**WHAT TO WORK ON**
Scan the entries that follow for the word "android", then report every line in which it appears.

**DATA FOR THIS TASK**

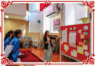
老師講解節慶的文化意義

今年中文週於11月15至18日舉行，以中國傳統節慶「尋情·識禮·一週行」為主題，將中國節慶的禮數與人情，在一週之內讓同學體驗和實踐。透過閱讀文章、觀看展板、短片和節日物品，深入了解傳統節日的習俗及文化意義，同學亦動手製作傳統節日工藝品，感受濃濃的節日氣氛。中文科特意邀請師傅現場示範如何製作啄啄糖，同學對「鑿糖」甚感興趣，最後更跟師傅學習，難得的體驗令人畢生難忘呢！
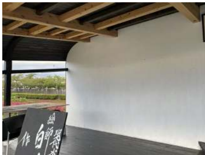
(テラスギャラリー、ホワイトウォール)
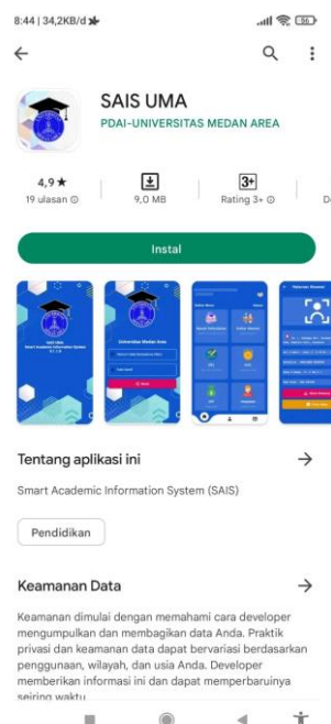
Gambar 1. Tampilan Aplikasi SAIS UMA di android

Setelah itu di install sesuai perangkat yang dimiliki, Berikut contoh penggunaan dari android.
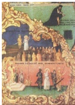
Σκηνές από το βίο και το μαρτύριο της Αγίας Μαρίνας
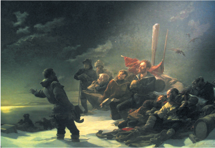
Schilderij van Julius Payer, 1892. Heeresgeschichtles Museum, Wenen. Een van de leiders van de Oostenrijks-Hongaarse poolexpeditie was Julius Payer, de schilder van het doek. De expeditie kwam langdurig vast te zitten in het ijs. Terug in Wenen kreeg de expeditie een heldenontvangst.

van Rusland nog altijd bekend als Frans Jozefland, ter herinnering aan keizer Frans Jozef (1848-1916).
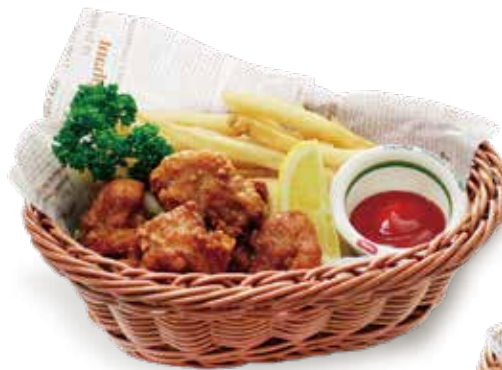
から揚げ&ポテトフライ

**WORKED SOLUTION**
Gambar 1. Tampilan Aplikasi SAIS UMA di android
Setelah itu di install sesuai perangkat yang dimiliki, Berikut contoh penggunaan dari android.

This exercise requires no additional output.